ГЛАВА ДВАДЦАТАЯ

В первом же месте, где мне удалось уединиться — в сортире — я достал из кармана клочок бумаги, на котором Матрос что-то начеркал карандашом. Там было две строки, первая — фамилия, вторая — адрес, номер дома и название города. Слева от этих строчек — чуть ниже первой, однако гораздо ближе к ней, нежели ко второй — было написано: по адресу. Относилось ли это по адресу только ко второй, адресной, строчке, или вместе с тем и к первой, к имени? В последнем случае фамилия, скорей всего, не была фамилией самого Матроса.

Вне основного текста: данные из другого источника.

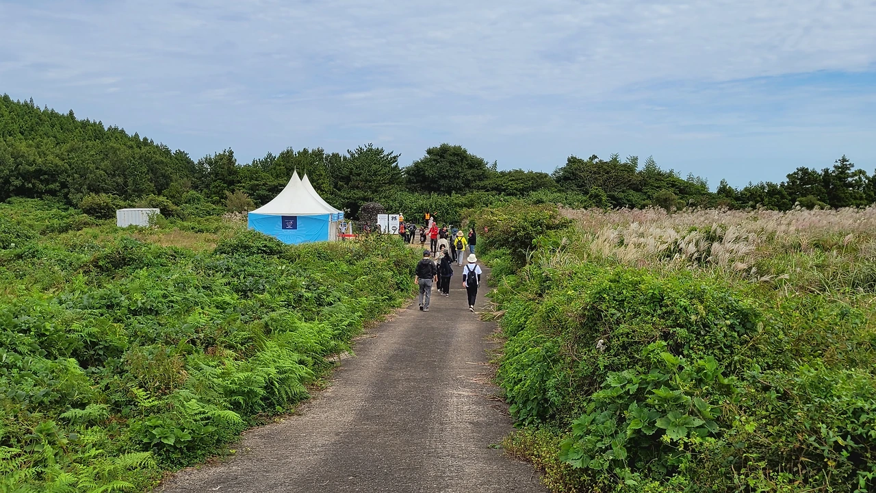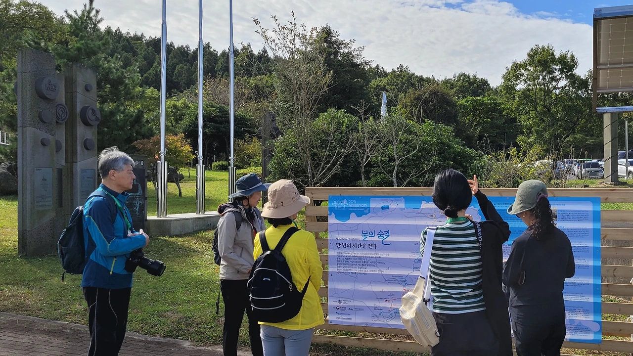 "이번 축전에서 공개하는 불의 숨길은 용암이 흘러간 길을 따라갑니다. 용암동굴 위로 걸을 거예요. 길이는 총 20여 km 정도 되고요. 직선거리와는 차이가 있지요. 오늘 우리가 걸을 2구간 용암길은 웃산전굴까지 인데, 4.8km입니다. 울퉁불퉁한 돌길로 난이도가 높은 구간이라 3시간에서 3시간 반 정도 걸릴 것으로 예상되고요. 자 출발합시다."
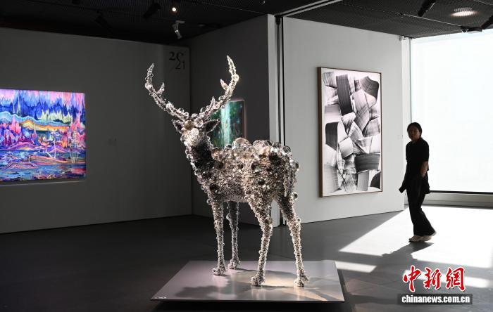 图为现场展现的缓哀鸿(中)取弛年夜千的艺术大作。记者 李志华 摄
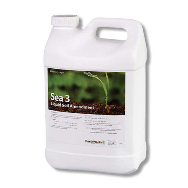 Sea 3 Organic Fertilizer, manufactured by EarthWorks, is a unique liquid soil amendment with mineral-rich nutrients that produces remarkable results in turf, shrubs, and trees.
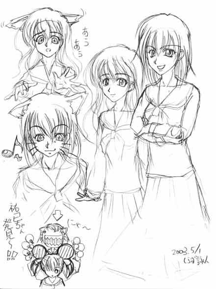 白薔薇姉妹です。立て続けに絵をアップしてますね、珍しい(笑)。今までの反動でしょうか? 乃利子ちゃんが居ないので、正確には”元・白薔薇姉妹”なのですが、どうしてもロサ・ギガンティアというと私的には佐藤聖さまなので。 これも一応、前ページの蔦子さんと同じく習作なのですが、ページいっぱい絵で埋まっているので、”習作”の文字は取りました。 志摩子さんが、思いのほか描き易い事に気が付いてビックリ。天使みたいな、くるくるふわふわの髪の毛・・・描き易くってわかり易いし(笑)。 |
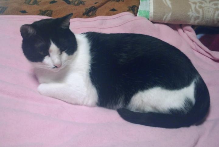 お母ちゃんのお部屋で少しふてくされているハチ君。
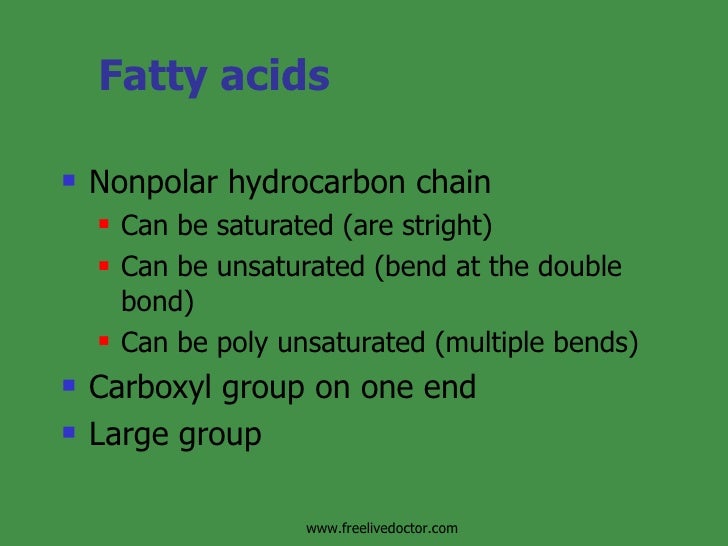 - 39. Fatty acids Nonpolar hydrocarbon chain Can be saturated (are stright) Can be unsaturated (bend at the double bond) Can be poly unsaturated (multiple bends) Carboxyl group on one end Large group www.freelivedoctor.com
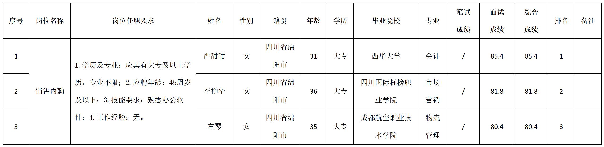根據(jù)四川九州光電子技術(shù)有限公司發(fā)布的招聘公告及招聘相關(guān)規(guī)定,經(jīng)筆試、面試等程序,現(xiàn)將筆試(面試)成績予以公示。
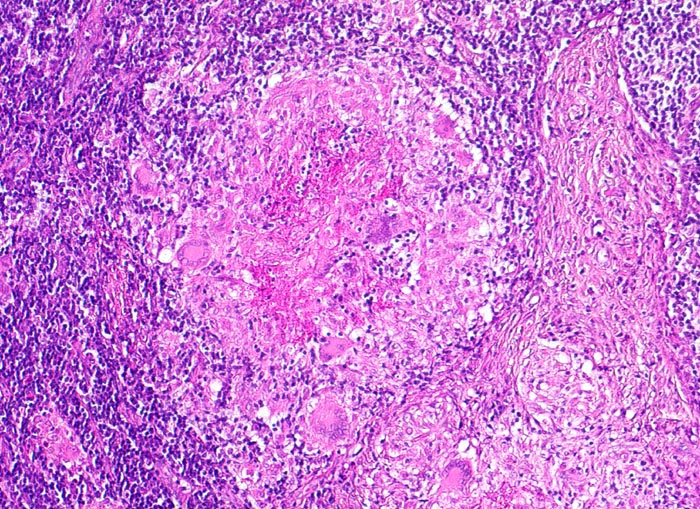 Links im Bild ein zentral verkäsendes Granulom mit Langhans Riesenzellen. Rechts davon Vermehrung von Kollagenfasern.
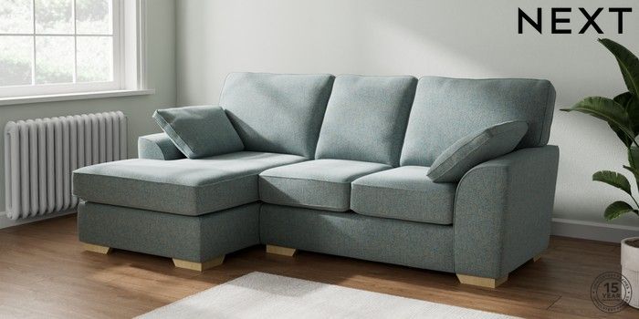 7.2.6 Buy Stamford Small Sofa Chaise - Left Hand Chunky Marl Mid Blue Large Square Angle - Light from the Laura Ashley online shop Click here to use our website with more accessibility support, for example screen readers
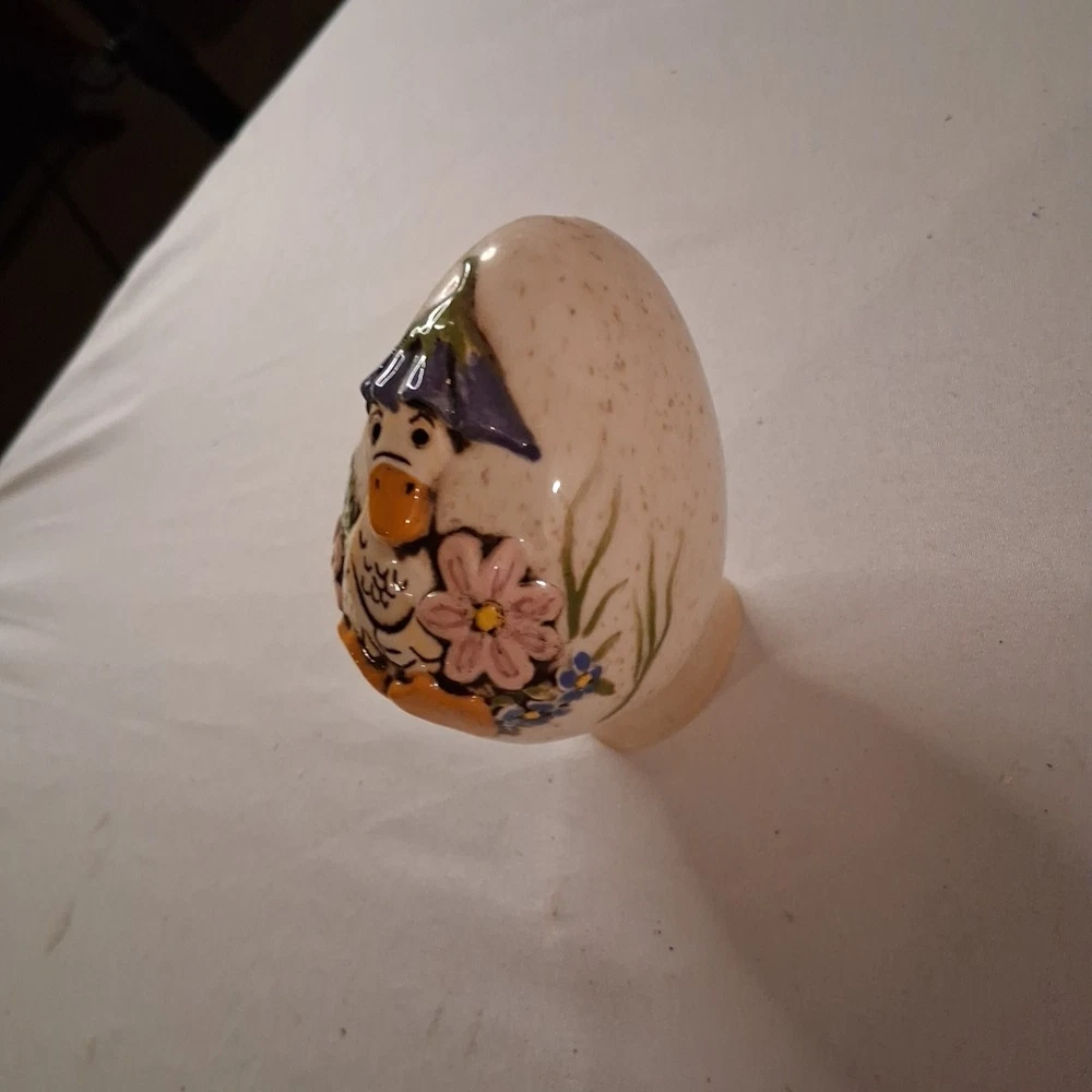 The "Porcelain Egg 3inch Baby Duck" is a small collector egg featuring a baby duck design, belonging to the Animals collection under the theme of Baby. Made of porcelain, this multicolored egg measures 3 inches in length and is adorned with a cute duck motif. Ideal for collectors or as a decorative piece, this item adds a charming touch to any space with its delicate design and whimsical subject matter.

Эта фамилия — инициала имени перед ней не было — состояла из двенадцати букв и представляла собой нидерландское или переиначенное на нидерландский лад немецкое имя, происхождение которого проследить было нелегко: возможно, оно означало «дом извозчика», а может, и «трактир» или «с постоялого двора»[75], но, скорее всего, значение было искажено настолько, что проследить его уже никогда не удастся.

Почерк был восхитительный, я такого еще никогда не видал: буквы ни косые, ни печатные, — казалось, они тончайшей кисточкой были нанесены на бумагу незатейливыми, почти не соприкасающимися штрихами.

Оставшись в доме один, я положил записку перед собой, на стол, и тупо уставился на нее, словно ожидая, что из текста, если таращиться на него достаточно долго, восклубится и воспарит над бумагой спасительное объяснение всего, что может стрястись с человеком.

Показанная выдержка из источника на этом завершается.